* **Exercise requirements**: Please report how many lines in the data below contain "Figure". Nothing besides the number should be written.

(Data records)
*****

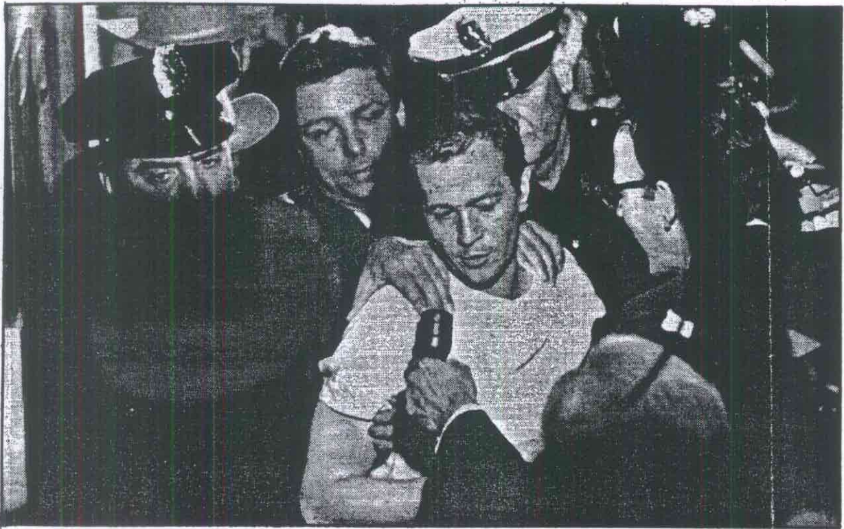
Gary Oldman is patsy Lee Harvey Oswald in 'JFK': an excellent cast of character actors
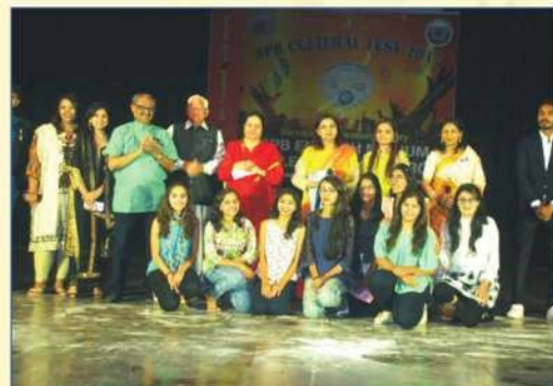
SPB Fest Dance Competition Third Prize Mamma's Angels
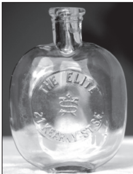
The Elite / 21 Kearny St S.F.
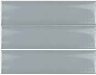
UCOMISBG312 Mist Bright 3" x 12" Sq. Ft.: $9.10 Pc.: $2.30
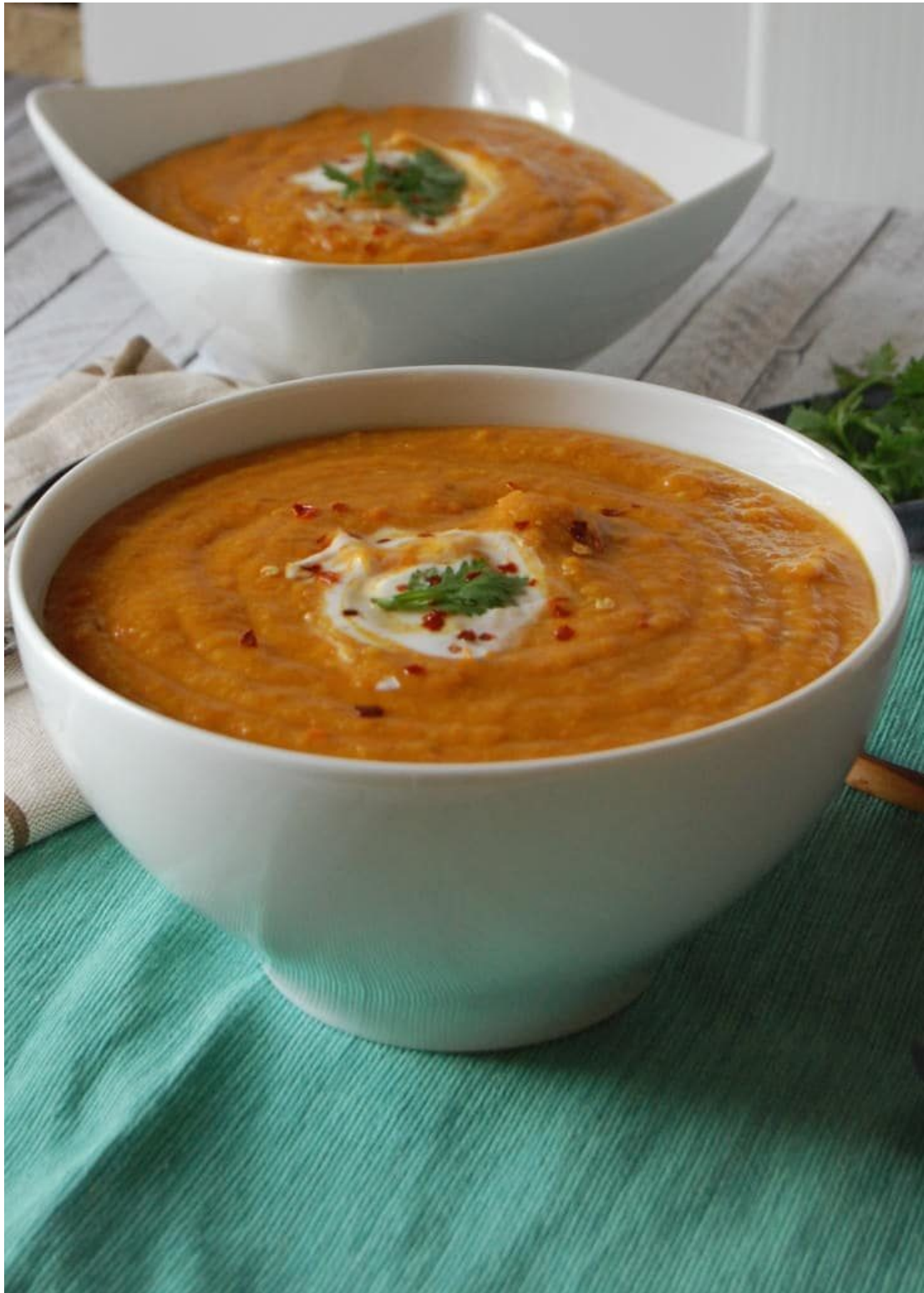
Moroccan Carrot Red Lentil Soup from A Cedar Spoon
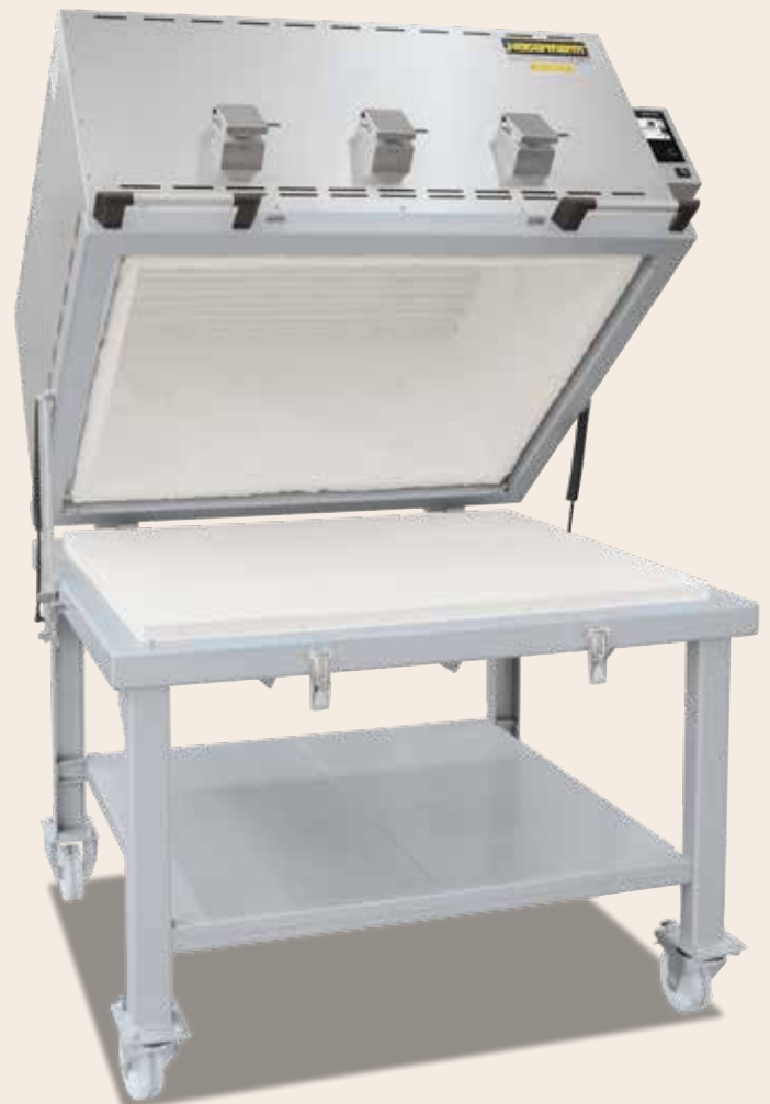
Fusing furnace GF 240
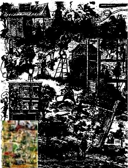
5 Can you see the 37 (or more) safety violations shown here? Safety Rule: Know and follow all safety rules and practices during welding, heating and cutting operations.
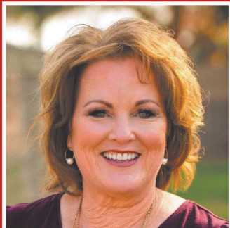
Senator Shannon Grove
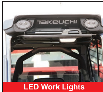
LED Work Lights
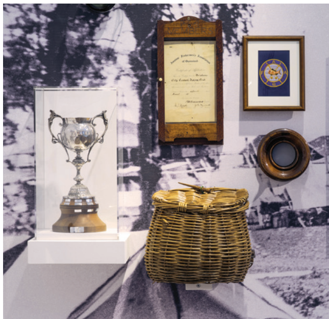
Objects featured in The many lives of Moreton Bay
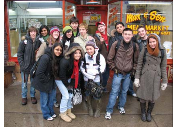
The 2008 ICE Team - Kensington Market field trip

Yet ICE is so much more than going overseas!
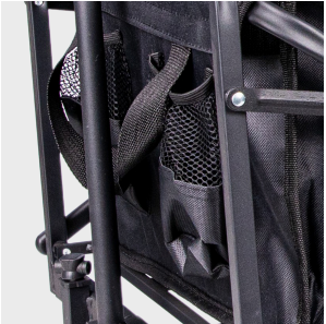
Features two handy integrated cup holders
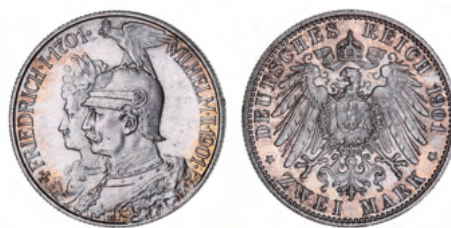
2248* Germany, Prussia, Wilhelm II, silver two mark, 1901A, 200th Anniversary of the Kingdom of Prussia (KM.525; J.105). Uncirculated; choice uncirculated. (2) $100
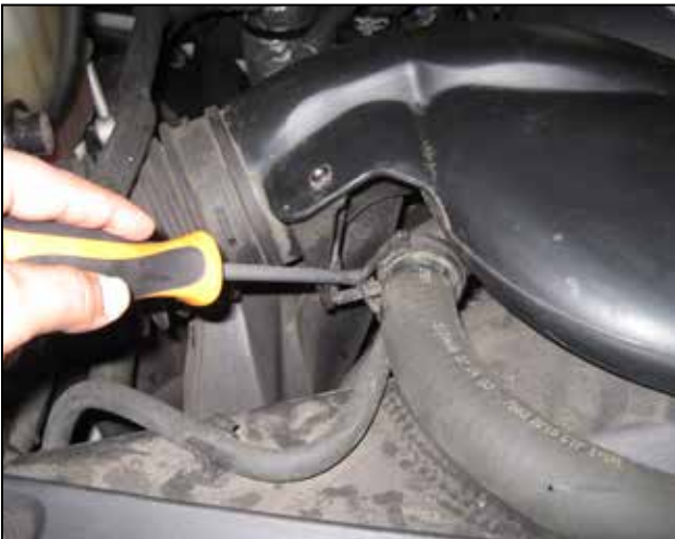
c. Disconnect the plastic mount securing the radiator hose to the intake duct.
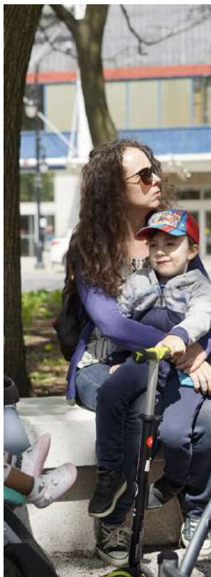
PHOTO: Resting in Cabot Square during the Family Discovery Walk.
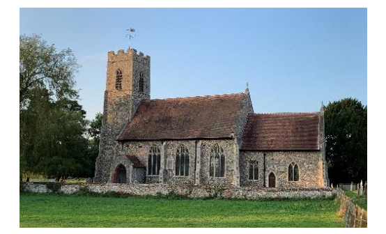
St. Andrew's Church, Lammas
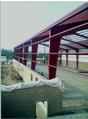
St. Mary's High School project in progress
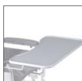
Cod. CPA507 Table for wheelchair 58x38 cm
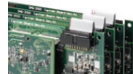
SSI bus cable for multiple cards synchronization

* Note: Analog output related pins on the DAQ/DAQe-2214
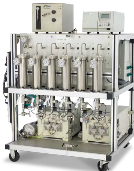
SFC Prep 350 System.
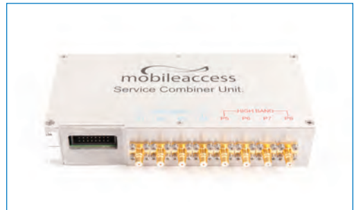
4-Port Service Combiner Unit (SCU-4) | Figure 6

Physical Characteristics • Dimensions (H x W x D): mm (in) 35 x 166 x 80 (1.38 x 6.5 x 3.15) • Mounting: Comes with bracket that allows it to be mounted directly on top of a MA2000 TSX; Optionally, can be mounted on to a TSX AMU bracket. * If being mounted to QSX, an additional bracket must be ordered.
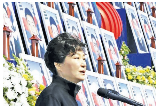
South Korean President Park Geun-hye.

SEOUL, 13 April—South Korean President Park Geun-hye will not attend an event in Moscow to mark the end of World War Two in Europe and instead send an envoy, an official
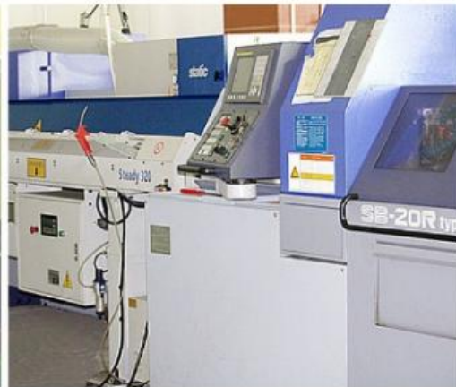
Automatic lathe core moving machine
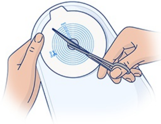
Figure 5. Cutting the wafer for a 1-piece system
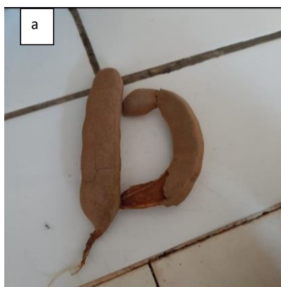
a-Fresh Tamarind Fruits

The plant material used in our study consisted of fresh and fermented tamarind collected from various markets in the cities of Abidjan and Korhogo.
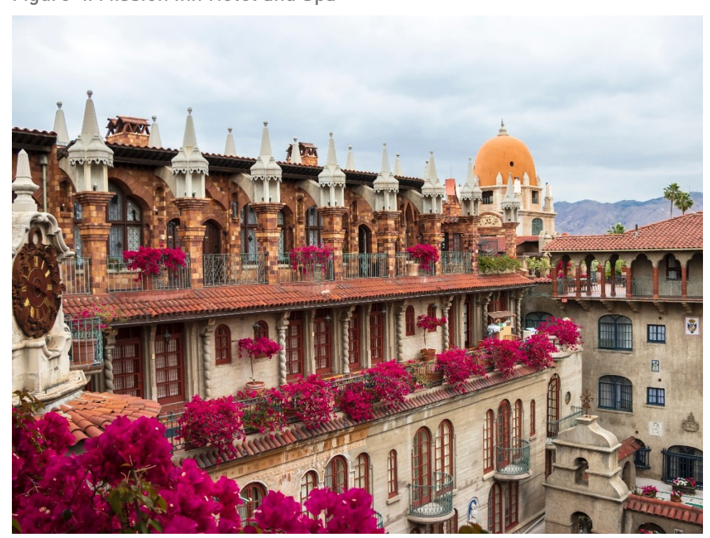
Figure 4. Mission Inn Hotel and Spa
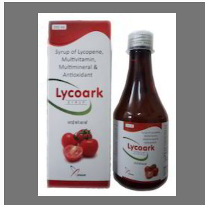
Pharma Franchise in Golaghat

*****

* **Exercise answer**: 3